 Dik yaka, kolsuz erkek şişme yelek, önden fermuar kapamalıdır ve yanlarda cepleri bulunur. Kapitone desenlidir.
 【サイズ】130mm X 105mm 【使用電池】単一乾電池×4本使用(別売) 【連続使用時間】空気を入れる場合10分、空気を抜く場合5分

* * *

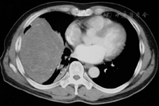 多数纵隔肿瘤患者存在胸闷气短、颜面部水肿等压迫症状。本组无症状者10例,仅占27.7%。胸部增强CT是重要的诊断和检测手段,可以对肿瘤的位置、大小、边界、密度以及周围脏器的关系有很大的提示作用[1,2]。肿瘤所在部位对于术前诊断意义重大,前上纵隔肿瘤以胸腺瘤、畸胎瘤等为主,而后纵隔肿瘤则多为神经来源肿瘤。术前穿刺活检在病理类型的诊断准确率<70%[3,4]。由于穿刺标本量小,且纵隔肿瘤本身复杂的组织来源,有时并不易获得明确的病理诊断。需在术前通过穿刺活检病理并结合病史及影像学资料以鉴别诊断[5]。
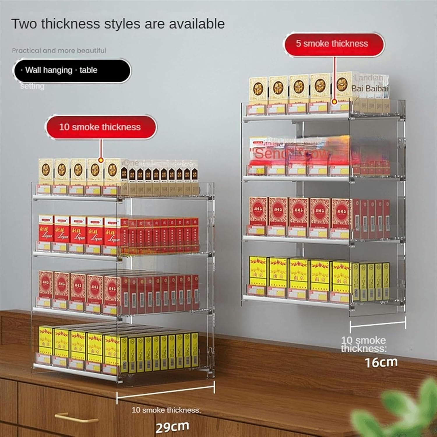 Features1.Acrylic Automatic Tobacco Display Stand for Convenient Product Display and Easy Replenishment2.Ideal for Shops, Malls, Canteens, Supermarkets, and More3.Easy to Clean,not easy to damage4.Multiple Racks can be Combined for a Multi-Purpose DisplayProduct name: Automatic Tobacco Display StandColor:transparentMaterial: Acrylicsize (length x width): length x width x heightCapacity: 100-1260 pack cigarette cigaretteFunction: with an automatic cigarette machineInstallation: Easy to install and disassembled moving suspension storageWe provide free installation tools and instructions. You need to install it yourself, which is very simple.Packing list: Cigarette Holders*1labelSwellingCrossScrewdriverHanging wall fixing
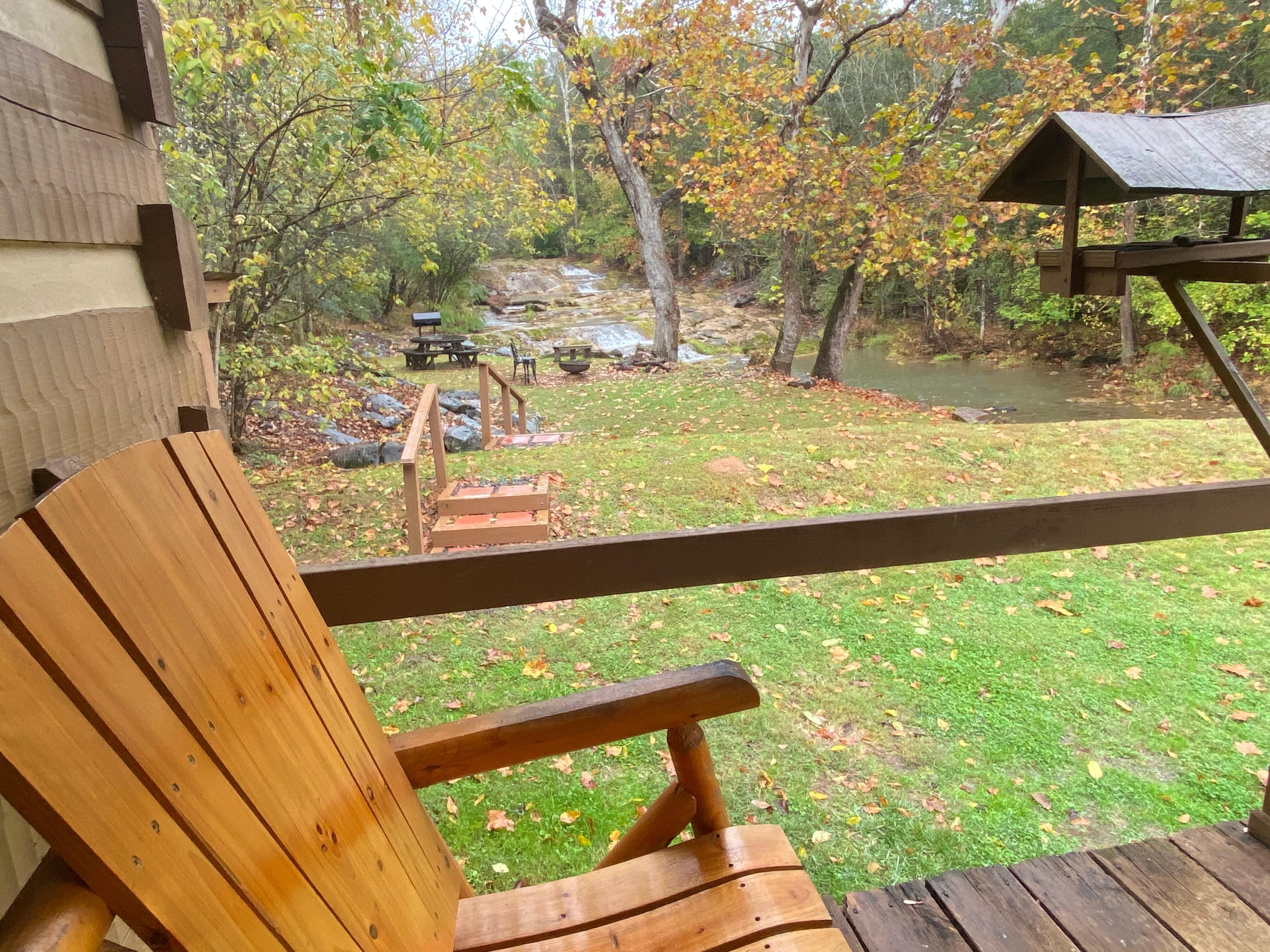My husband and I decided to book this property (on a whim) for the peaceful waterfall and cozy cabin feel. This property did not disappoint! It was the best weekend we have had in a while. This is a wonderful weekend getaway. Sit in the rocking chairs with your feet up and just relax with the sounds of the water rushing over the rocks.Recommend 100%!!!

* * *

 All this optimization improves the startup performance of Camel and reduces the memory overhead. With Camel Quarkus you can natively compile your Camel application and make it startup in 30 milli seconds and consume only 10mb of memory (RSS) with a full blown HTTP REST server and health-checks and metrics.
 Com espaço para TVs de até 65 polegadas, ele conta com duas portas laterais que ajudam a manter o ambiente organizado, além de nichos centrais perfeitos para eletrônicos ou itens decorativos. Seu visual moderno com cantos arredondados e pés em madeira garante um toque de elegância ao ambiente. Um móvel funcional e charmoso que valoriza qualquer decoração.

* * *

• [Brief]
Please output the lines above beginning at the line with "Features1.Acrylic Automatic Tobacco" and ending after the line with "My husband and", precisely as written and with no pictures.

• [Reply to the exercise]
 Features1.Acrylic Automatic Tobacco Display Stand for Convenient Product Display and Easy Replenishment2.Ideal for Shops, Malls, Canteens, Supermarkets, and More3.Easy to Clean,not easy to damage4.Multiple Racks can be Combined for a Multi-Purpose DisplayProduct name: Automatic Tobacco Display StandColor:transparentMaterial: Acrylicsize (length x width): length x width x heightCapacity: 100-1260 pack cigarette cigaretteFunction: with an automatic cigarette machineInstallation: Easy to install and disassembled moving suspension storageWe provide free installation tools and instructions. You need to install it yourself, which is very simple.Packing list: Cigarette Holders*1labelSwellingCrossScrewdriverHanging wall fixing
My husband and I decided to book this property (on a whim) for the peaceful waterfall and cozy cabin feel. This property did not disappoint! It was the best weekend we have had in a while. This is a wonderful weekend getaway. Sit in the rocking chairs with your feet up and just relax with the sounds of the water rushing over the rocks.Recommend 100%!!!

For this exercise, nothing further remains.